It does that because the network side or the terminal side could stop and close the connection. So it basically runs:

task::spawn(tty_to_websocket());
task::spawn(websocket_ty_tty());
try_join!(tty_to_websocket, websocket_to_tty);

try_join! should wait for either task to stop with an error.

I’ve setup both tasks to throw an error even on successful completion. This is because join! might wait for both to stop, and it’s possible for either side to stop without the other noticing.
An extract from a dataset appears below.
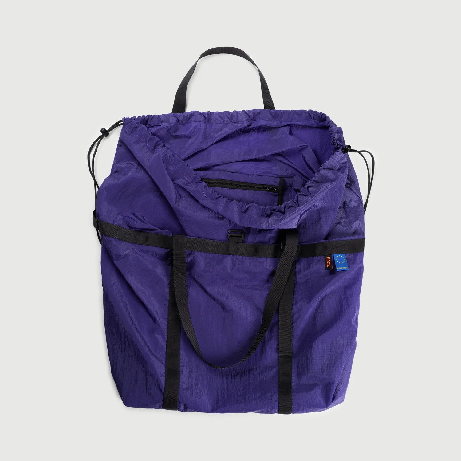 A lightweight, packable drawstring holdall for trips, the gym, or days on the move. Weatherproof and flexible, designed to carry a full load comfortably while keeping its shape when lightly packed. A simple closure and a spacious interior make it easy to adapt to the day.

try_join! never completes, because Err() never completes, which is strange.

What Does Err() Do?

Err() ends the function. In Rust that also runs the destructors, like an object-oriented program might. Lets say you have a function like:

fn error() -> Result<> {
    let number: int = 2;
    Err("error");
}

When Err() runs, Rust de-allocates number. The memory is returned.

For an int this is simple, but it can be more complicated.

What Is A TTY?

A TTY, for a program, is a file descriptor on a character device. It’s a bi-directional stream of data, typically keyboard in and text out.

The C API to use one uses a file descriptor. One way to get such a file descriptor is forkpty(3), which has a Rust crate.

Most Rust code want a std::fs::File, not a raw file descriptor, so it needs to be converted:

unsafe { let rust_fd = std::os::from_raw_fd(c_fd); }

The first bell is unsafe {}. The code is indeed unsafe because we’re working with a raw file descriptor.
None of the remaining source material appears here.